--- START ---

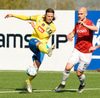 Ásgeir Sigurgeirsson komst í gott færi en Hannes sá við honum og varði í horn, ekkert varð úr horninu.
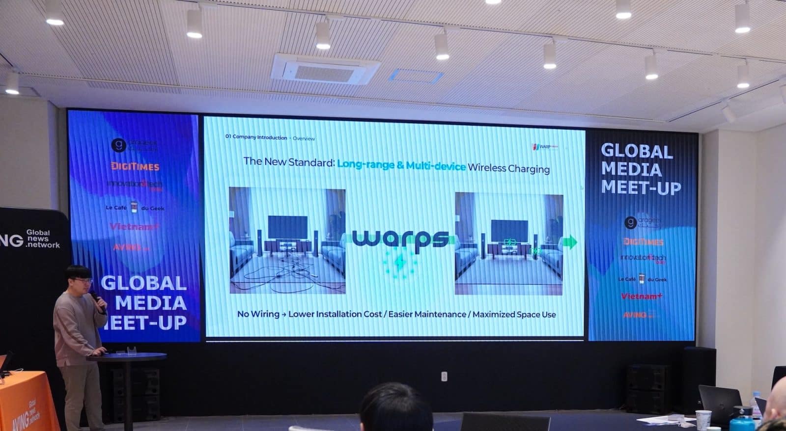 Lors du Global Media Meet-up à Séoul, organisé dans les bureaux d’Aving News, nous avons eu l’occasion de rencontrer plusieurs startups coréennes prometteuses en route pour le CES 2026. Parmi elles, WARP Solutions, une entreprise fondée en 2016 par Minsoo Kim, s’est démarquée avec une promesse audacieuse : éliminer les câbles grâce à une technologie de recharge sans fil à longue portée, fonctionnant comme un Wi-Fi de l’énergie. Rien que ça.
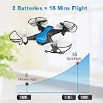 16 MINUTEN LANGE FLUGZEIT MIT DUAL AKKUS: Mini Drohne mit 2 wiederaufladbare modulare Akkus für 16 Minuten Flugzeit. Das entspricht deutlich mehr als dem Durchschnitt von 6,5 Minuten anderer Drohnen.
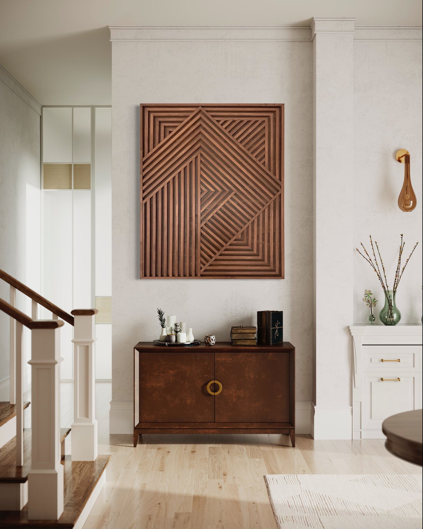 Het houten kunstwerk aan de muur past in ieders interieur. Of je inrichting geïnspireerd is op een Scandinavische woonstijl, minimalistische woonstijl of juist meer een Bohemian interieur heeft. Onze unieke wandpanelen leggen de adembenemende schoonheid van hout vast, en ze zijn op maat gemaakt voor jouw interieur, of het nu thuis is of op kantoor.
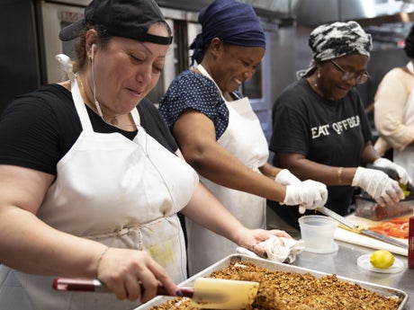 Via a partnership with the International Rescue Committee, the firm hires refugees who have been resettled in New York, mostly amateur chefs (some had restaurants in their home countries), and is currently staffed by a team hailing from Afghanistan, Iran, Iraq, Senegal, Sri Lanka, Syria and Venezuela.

--- END ---

Pictures are to be omitted; otherwise, every line from the first line of the listing through the line containing "Het houten kunstwerk" must be reproduced exactly, both ends included.

 Ásgeir Sigurgeirsson komst í gott færi en Hannes sá við honum og varði í horn, ekkert varð úr horninu.
 Lors du Global Media Meet-up à Séoul, organisé dans les bureaux d’Aving News, nous avons eu l’occasion de rencontrer plusieurs startups coréennes prometteuses en route pour le CES 2026. Parmi elles, WARP Solutions, une entreprise fondée en 2016 par Minsoo Kim, s’est démarquée avec une promesse audacieuse : éliminer les câbles grâce à une technologie de recharge sans fil à longue portée, fonctionnant comme un Wi-Fi de l’énergie. Rien que ça.
 16 MINUTEN LANGE FLUGZEIT MIT DUAL AKKUS: Mini Drohne mit 2 wiederaufladbare modulare Akkus für 16 Minuten Flugzeit. Das entspricht deutlich mehr als dem Durchschnitt von 6,5 Minuten anderer Drohnen.
 Het houten kunstwerk aan de muur past in ieders interieur. Of je inrichting geïnspireerd is op een Scandinavische woonstijl, minimalistische woonstijl of juist meer een Bohemian interieur heeft. Onze unieke wandpanelen leggen de adembenemende schoonheid van hout vast, en ze zijn op maat gemaakt voor jouw interieur, of het nu thuis is of op kantoor.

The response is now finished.